The police chief said specialized DNA profile was used for investigative genetic genealogy, which led investigators to identify Cummings as the suspect after conducting extensive follow-up.

Identified suspect’s whereabouts unknown for months

But Cummings had since moved away from Sacramento, and his whereabouts were unknown. It’s unclear when Cummings moved to New York or whether he left in attempt to avoid authorities in Sacramento.

The district attorney declined to discuss those details because of the pending prosecution against Cummings.

“We are doing an extensive investigation and have done extensive investigation on this individual in terms of his background, his whereabouts and where he is lived in terms of his employment,” Ho said. “But we can’t discuss it at this time.”

According to Transparent California, a website that tracks government payroll data, Cummings worked for the city of Sacramento in several roles over the past decade, including as a human services program coordinator and a special program leader. A spokeswoman for the city confirmed Cummings was employed by the city between 2008 and 2014, but it was unclear if Cummings’ work gave him access to children.

“The suspect had lived in Sacramento at the time of the three rapes and matched the description provided by the victims,” Machese said at the news conference. “Working with our regional partners, the suspect was confirmed through further investigative techniques and arrested in New York City.”

Lester said the Police Department’s career criminal apprehension team led the effort to find Cummings. The FBI’s New York Field Office and the New York Police Department assisted local authorities in finding Cummings and taking him into custody.

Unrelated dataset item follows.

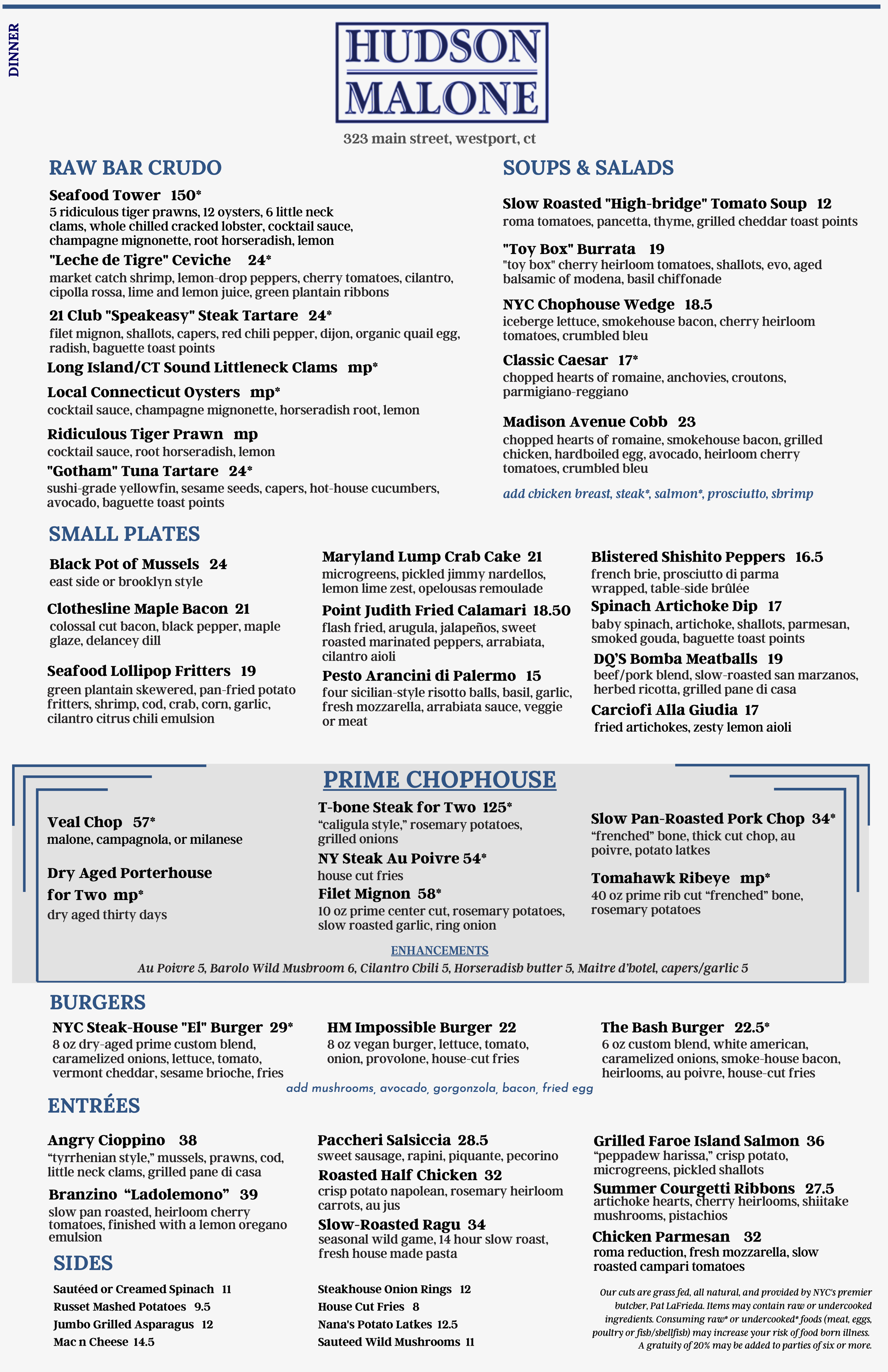 Westport Dinner Menu Dinner View fullsize Make a Reservation Make a Reservation Get Directions Get Directions "Keep moving forward" - Quinn's Laws

No additional victims have been identified as of Tuesday. But authorities have shared Cummings’ photo and were asking anyone who also was a victim to come forward.

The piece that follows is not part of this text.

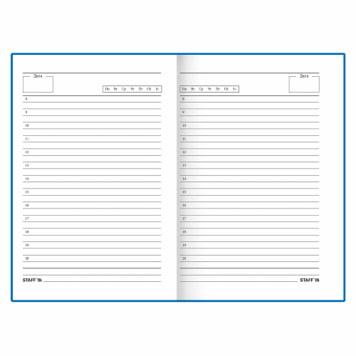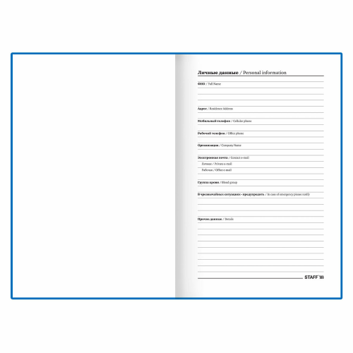 Внутренний блок включает 160 листов белой бумаги плотностью 65 г/м2. Благодаря стандартному формату А5 (145х215 мм) ежедневник удобно использовать как в офисе, так и на выездных деловых встречах. Твердая обложка покрыта матовой пленкой. Печать внутреннего блока выполнена в одну краску.

“I can only imagine how difficult it is for someone to be victimized in this manner and then also have to come forward,” the police chief told reporters. “So we’re hoping that by sharing what we know, sharing that he’s in custody, that if there are additional victims or if anyone has information about these crimes, they will contact us. And I can assure you that we’ll follow up and make sure that those tips are investigated just as thoroughly.”

Investigators asked anyone with relevant information in these sexual assault cases to call the tip line at 916-808-1773.